→ **WHAT TO WORK ON**:
The expected result is a verbatim repetition of the lines from the start of the entries through the line containing "Melalui terobosan tersebut, maka", with the pictures removed.

→ **INFORMATION GIVEN**:
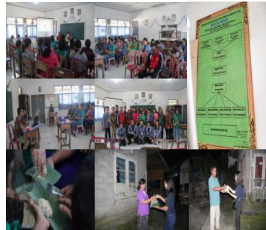
Gambar 9. Pembentukan Organisasi Kelompok, Pelatihan Manajemen dan Akuntansi, Penyusunan AD/ART Organisasi, Peningkatan Produktivitas dan Pemasaran

Melalui terobosan tersebut, maka biaya dapat ditekan karena bahan baku dapat diperoleh melalui sumber daya alam yang tersedia di Desa Belatungan. Selain itu, peningkatan produktivitas dan pemasaran dapat ditingkatkan melalui manajemen produksi yang baik yang dibuktikan dengan terbentuknya organisasi kelompok dan pengelolaan AD/ART yang baik dengan bekal pengetahuan yang diperoleh dari beberapa pelatihan manajemen dan Akuntansi. Adapun wujud pelatihan manajemen dan akuntansi tersebut dapat ditunjukkan pada Gambar 9.
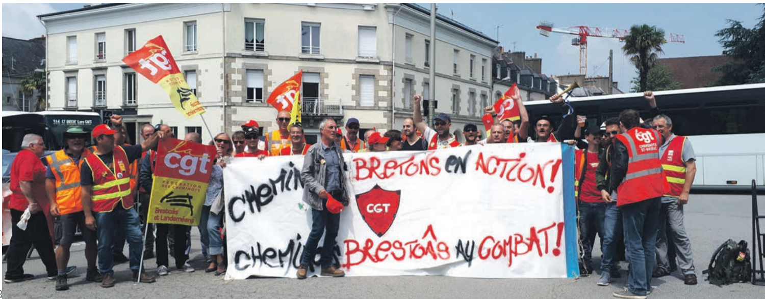
Cheminots à Pontivy.
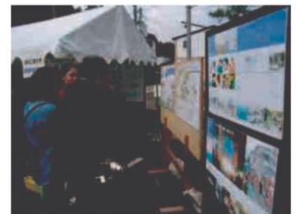
真野研究室の活動紹介（パネル展）
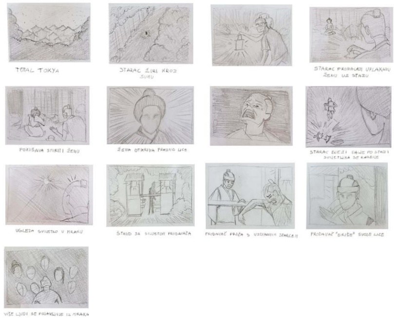
Slika 1. Knjiga snimanja
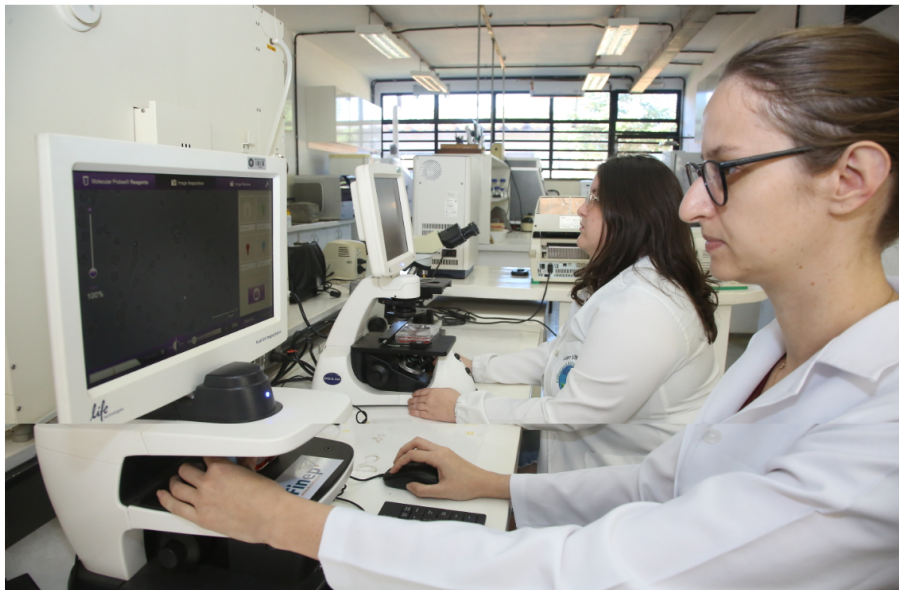
Capes autoriza mais seis doutorado nas universidades estaduais do Paraná. Na foto, laboratórios de pesquisas da UEL
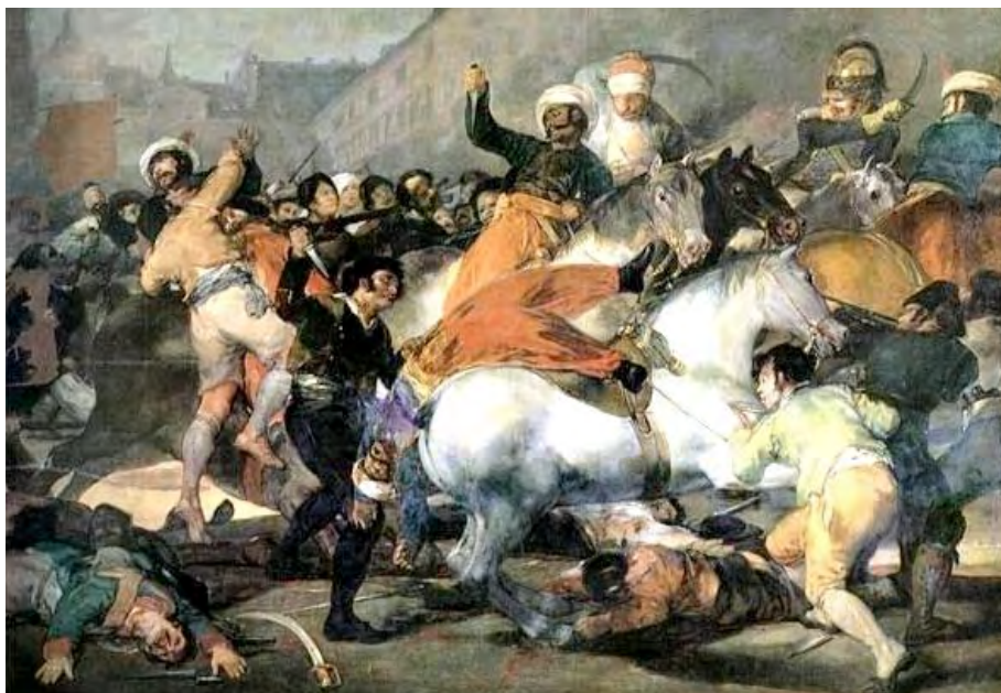
Obra de Francisco de Goya. “El 2 de mayo de Madrid”. Museo del Prado, Madrid.

Almagro y su Partido institucional, al igual que el resto de la pretérita y denominada Provincia de La Mancha (hasta la “Ley Javier de Burgos” de 1833), experimentaron entre los meses de mayo y junio de 1808 aquella “inmediatez”, y no sin razón; desde el Bando de Móstoles, como otros muchos municipios españoles y sus partidos del Antiguo Régimen en transición, Almagro se enfrentaba abiertamente, nada menos, que a Napoleón Bonaparte y sus “legiones” (y el 2 de mayo en Madrid, obviamente, de trasfondo).
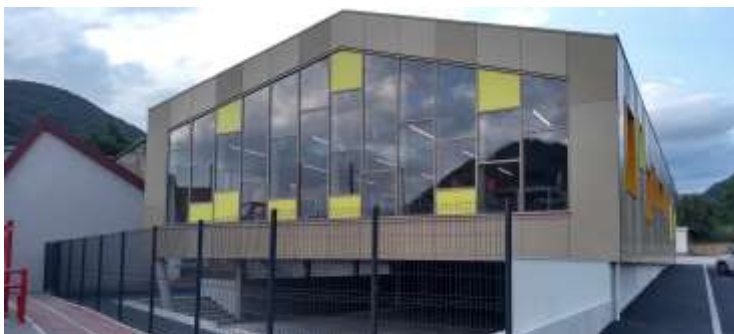
Réaménagement et extension de l'école élémentaire
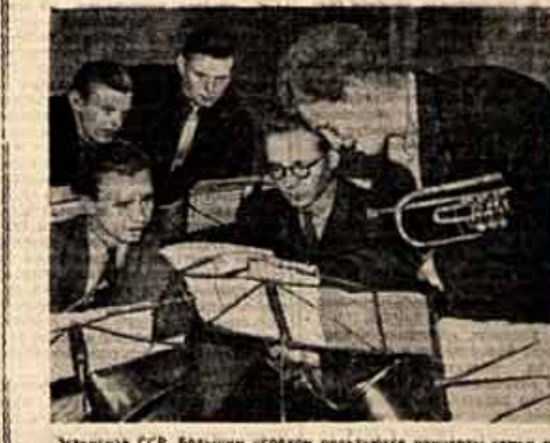
Эстонский ССР. Большие успехи в развитии культуры достигнуты в Эстонии...
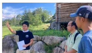
（おためし地域おこし協 力隊ツアーの案内・ワイ ン講座）

→ **EXERCISE ANSWER**:
Gambar 9. Pembentukan Organisasi Kelompok, Pelatihan Manajemen dan Akuntansi, Penyusunan AD/ART Organisasi, Peningkatan Produktivitas dan Pemasaran

Melalui terobosan tersebut, maka biaya dapat ditekan karena bahan baku dapat diperoleh melalui sumber daya alam yang tersedia di Desa Belatungan. Selain itu, peningkatan produktivitas dan pemasaran dapat ditingkatkan melalui manajemen produksi yang baik yang dibuktikan dengan terbentuknya organisasi kelompok dan pengelolaan AD/ART yang baik dengan bekal pengetahuan yang diperoleh dari beberapa pelatihan manajemen dan Akuntansi. Adapun wujud pelatihan manajemen dan akuntansi tersebut dapat ditunjukkan pada Gambar 9.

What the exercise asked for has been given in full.